EXERCISE INPUT:
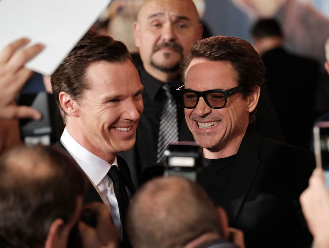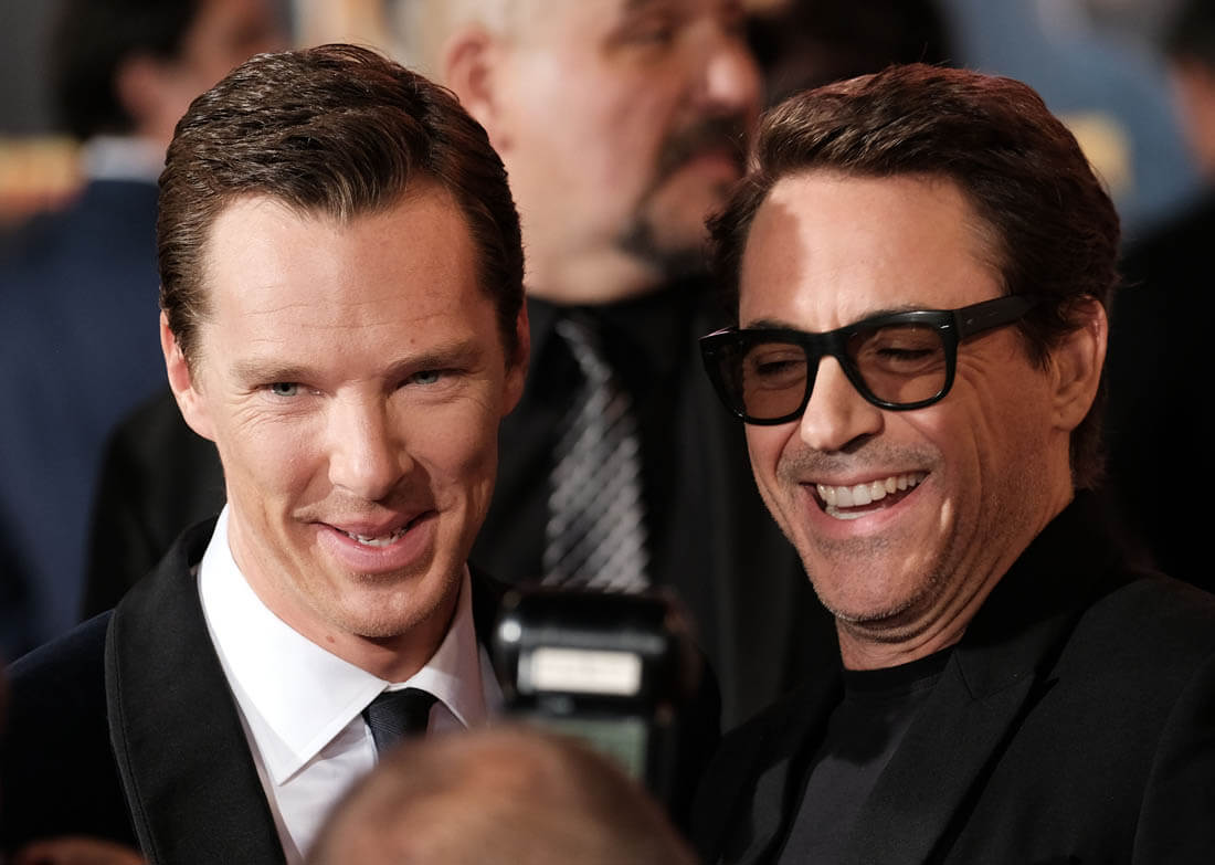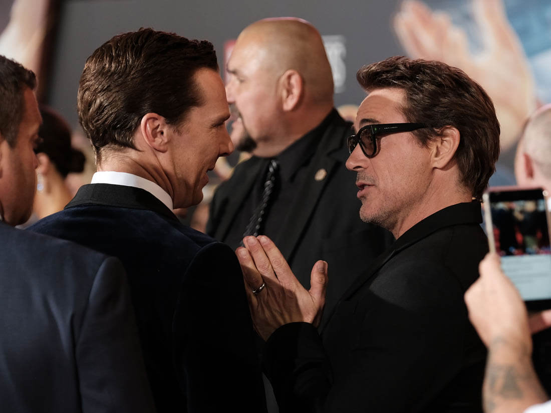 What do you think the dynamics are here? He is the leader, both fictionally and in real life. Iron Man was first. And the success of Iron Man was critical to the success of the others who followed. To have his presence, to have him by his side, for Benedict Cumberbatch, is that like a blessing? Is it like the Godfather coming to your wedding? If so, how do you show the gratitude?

* * *

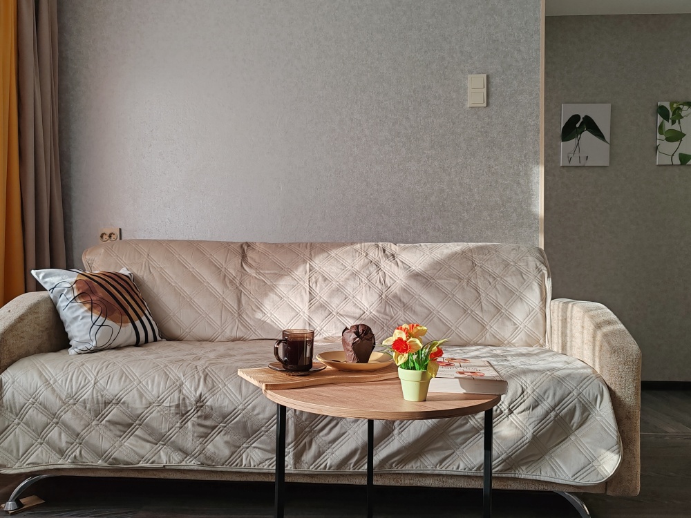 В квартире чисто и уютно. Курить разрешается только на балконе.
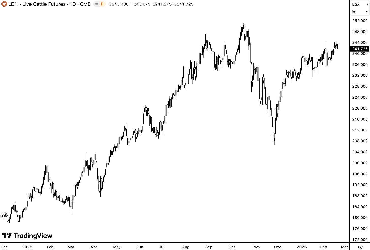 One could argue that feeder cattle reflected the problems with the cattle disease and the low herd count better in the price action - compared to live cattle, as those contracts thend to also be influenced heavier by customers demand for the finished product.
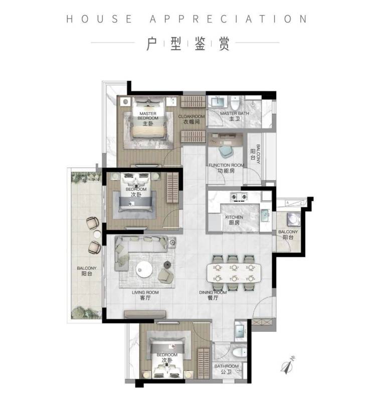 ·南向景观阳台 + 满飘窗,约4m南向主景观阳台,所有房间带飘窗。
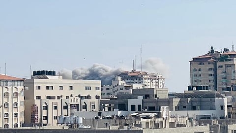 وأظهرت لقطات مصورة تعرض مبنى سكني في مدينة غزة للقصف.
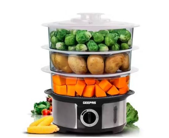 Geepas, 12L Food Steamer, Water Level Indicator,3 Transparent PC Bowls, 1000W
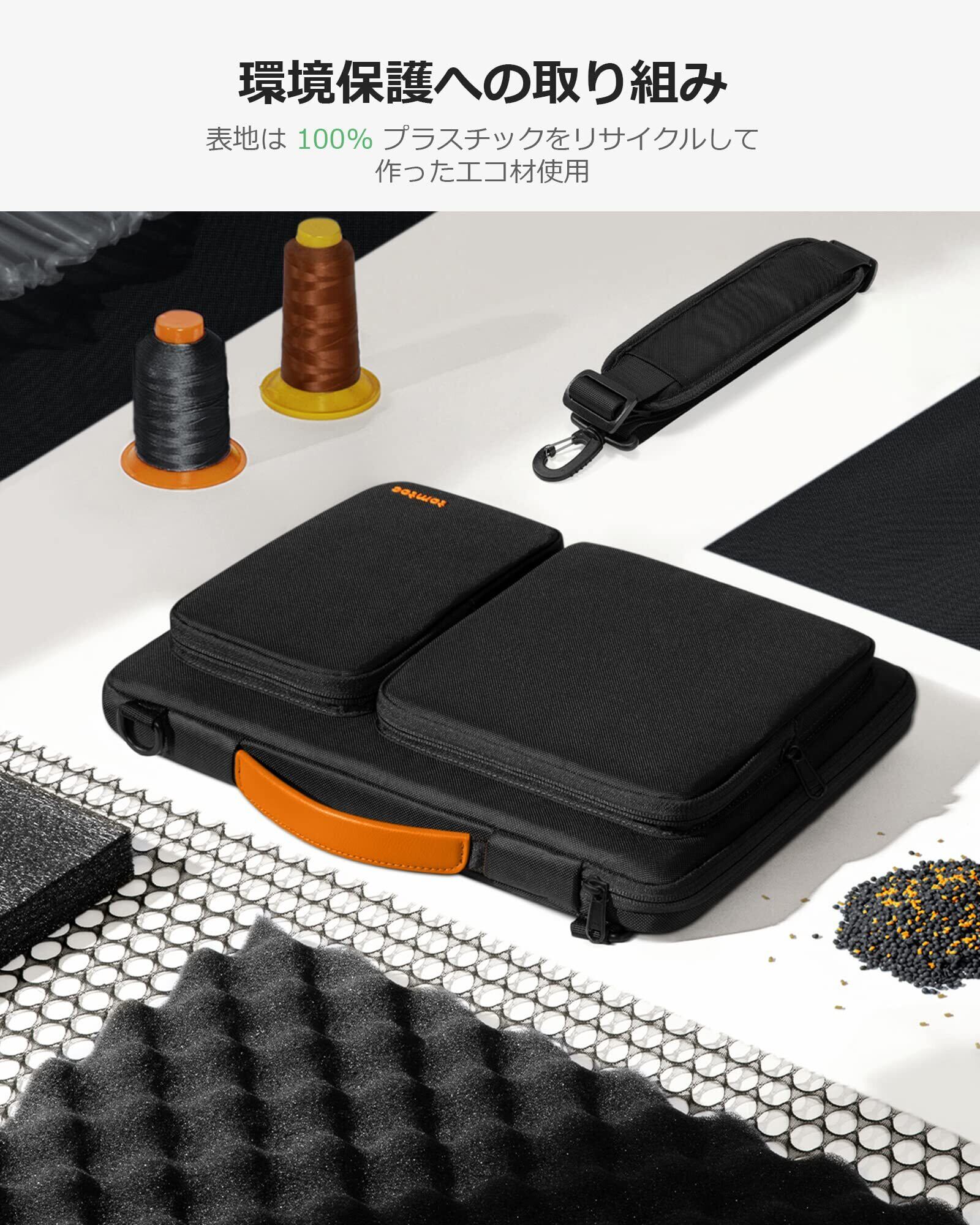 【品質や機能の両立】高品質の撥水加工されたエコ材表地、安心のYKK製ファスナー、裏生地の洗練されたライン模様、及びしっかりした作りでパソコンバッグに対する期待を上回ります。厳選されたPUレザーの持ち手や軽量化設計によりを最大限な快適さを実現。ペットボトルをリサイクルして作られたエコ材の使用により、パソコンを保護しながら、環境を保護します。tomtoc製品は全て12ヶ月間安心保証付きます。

---

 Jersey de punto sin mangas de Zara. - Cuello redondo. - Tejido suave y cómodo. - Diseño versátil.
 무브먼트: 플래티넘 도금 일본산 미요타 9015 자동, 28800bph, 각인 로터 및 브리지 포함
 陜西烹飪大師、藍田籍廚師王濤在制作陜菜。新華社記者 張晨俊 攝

WHAT THIS TASK INVOLVES:
In the listing above, find the line containing "One could argue" and the line containing "وأظهرت لقطات مصورة", then print exactly those two lines and every line between them, minus the pictures.

WRITTEN ANSWER:
 One could argue that feeder cattle reflected the problems with the cattle disease and the low herd count better in the price action - compared to live cattle, as those contracts thend to also be influenced heavier by customers demand for the finished product.
 ·南向景观阳台 + 满飘窗,约4m南向主景观阳台,所有房间带飘窗。
 وأظهرت لقطات مصورة تعرض مبنى سكني في مدينة غزة للقصف.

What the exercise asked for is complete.